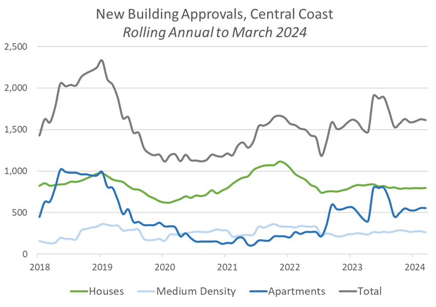 Today, ABS released the latest Update of Building Approvals data and this shows the Central Coast is still at the low bar, currently underpinning council and state government planning assumptions. The data also shows a worrying trend that building approvals are not improving and shows that all typologies are still well below their peak.
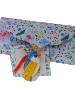 Martisor colorat, pasare, brosa, cu snur si plic unic
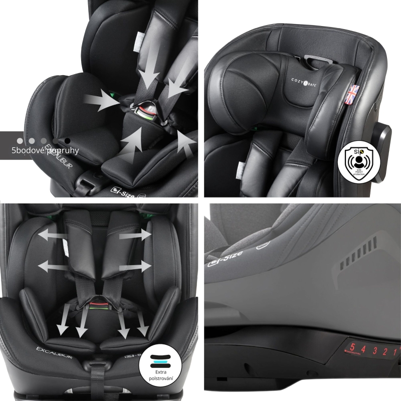 Autosedačka Cozy N Safe Excalibur i-Size 76–150 cm Hlavní vlastnosti První i-Size autosedačka schválená podle švédské normy E5 Unikátní prodloužený 5bodový pás do 125 cm (cca 6 let) 5 poloh sklonu schválených pro všechny fáze používání Podpěrný klín pro snadné přizpůsobení většině autosedaček Nastavitelná opěrka hlavy ve 13 polohách Ochrana proti bočnímu nárazu Vložka pro batolata součástí balení Extra polstrování Prodyšné materiály pro lepší cirkulaci vzduchu Vysoce kvalitní vstřikované plasty Specifikace Věkové určení: cca 15 měsíců – 12 let Výška dítěte: 76–150 cm Hmotnost produktu: 11 kg Rozměry: V63 × Š42,5 × H52 cm Instalace: ISOFIX, horní úchyt (Top Tether) a/nebo 3bodový pás vozidla Norma: ECE R129 (i-Size)
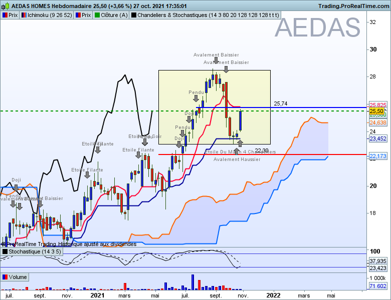 Achat au marché à 23,6 stop à 22,30 sous la borne basse du potentiel range tp à 25,75 zone équlibre
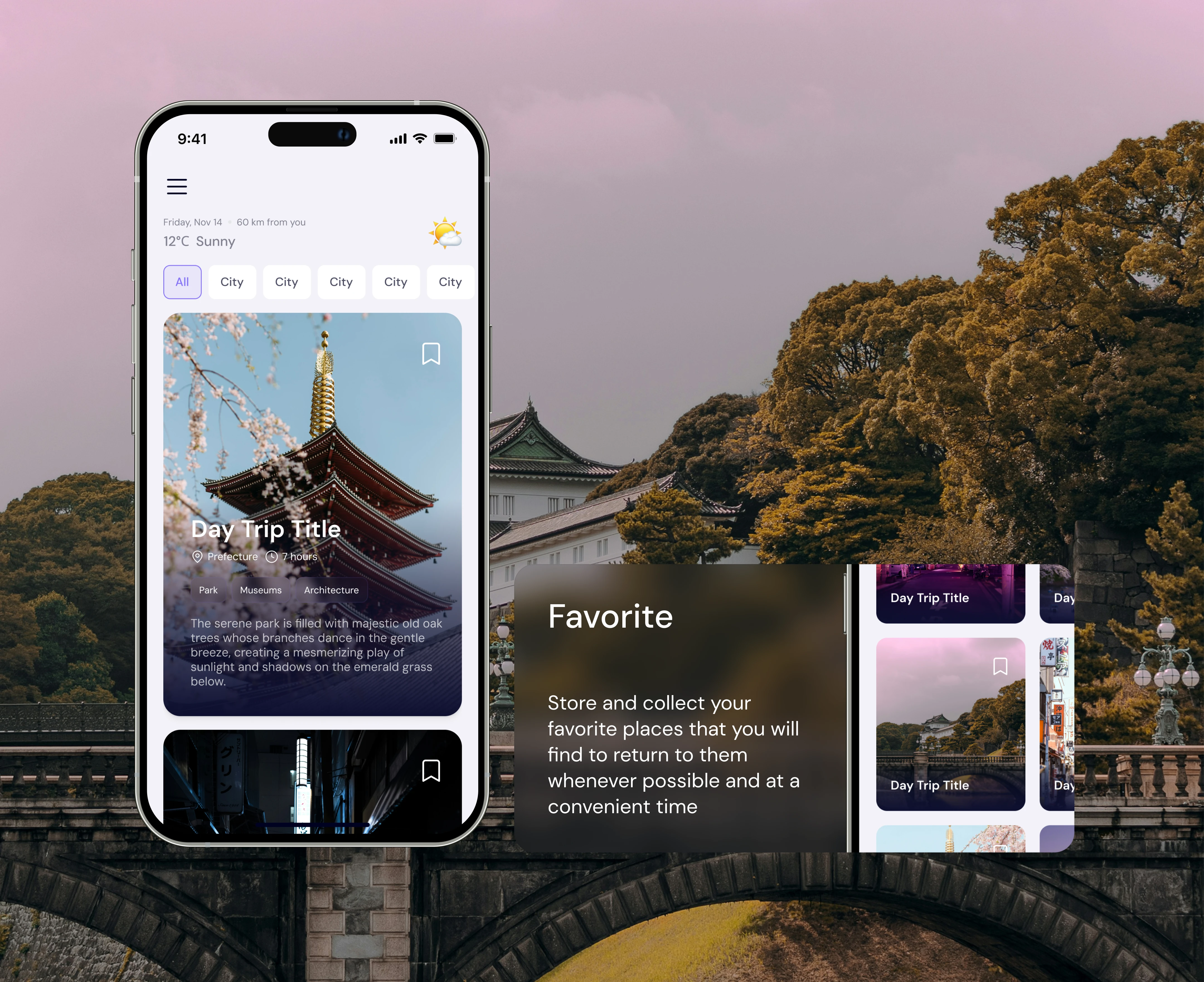 Designed a travel discovery app for exploring day trips, saving favorite places, and planning getaways based on weather and distance
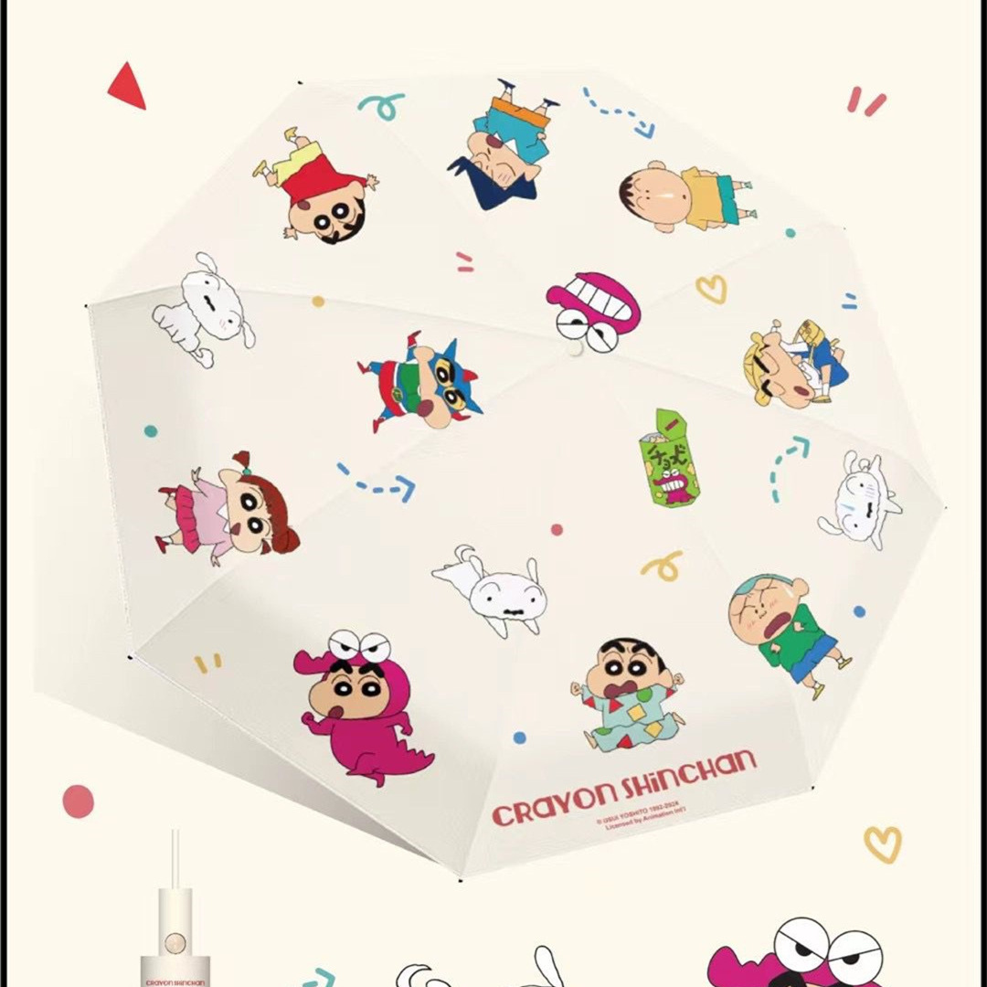 Zhiyu Crayon Xiaoxin 자동 우산 맑고 비 이중 사용 귀여운 검은 고무 선 스크린 UV 태양 우산 태양 우산스토어 가기

--------------------

→ **GOAL OF THE EXERCISE**
Your reply should restate every entry exactly, with the pictures left out.

→ **TASK ANSWER**
 Today, ABS released the latest Update of Building Approvals data and this shows the Central Coast is still at the low bar, currently underpinning council and state government planning assumptions. The data also shows a worrying trend that building approvals are not improving and shows that all typologies are still well below their peak.
 Martisor colorat, pasare, brosa, cu snur si plic unic
 Autosedačka Cozy N Safe Excalibur i-Size 76–150 cm Hlavní vlastnosti První i-Size autosedačka schválená podle švédské normy E5 Unikátní prodloužený 5bodový pás do 125 cm (cca 6 let) 5 poloh sklonu schválených pro všechny fáze používání Podpěrný klín pro snadné přizpůsobení většině autosedaček Nastavitelná opěrka hlavy ve 13 polohách Ochrana proti bočnímu nárazu Vložka pro batolata součástí balení Extra polstrování Prodyšné materiály pro lepší cirkulaci vzduchu Vysoce kvalitní vstřikované plasty Specifikace Věkové určení: cca 15 měsíců – 12 let Výška dítěte: 76–150 cm Hmotnost produktu: 11 kg Rozměry: V63 × Š42,5 × H52 cm Instalace: ISOFIX, horní úchyt (Top Tether) a/nebo 3bodový pás vozidla Norma: ECE R129 (i-Size)
 Achat au marché à 23,6 stop à 22,30 sous la borne basse du potentiel range tp à 25,75 zone équlibre
 Designed a travel discovery app for exploring day trips, saving favorite places, and planning getaways based on weather and distance
 Zhiyu Crayon Xiaoxin 자동 우산 맑고 비 이중 사용 귀여운 검은 고무 선 스크린 UV 태양 우산 태양 우산스토어 가기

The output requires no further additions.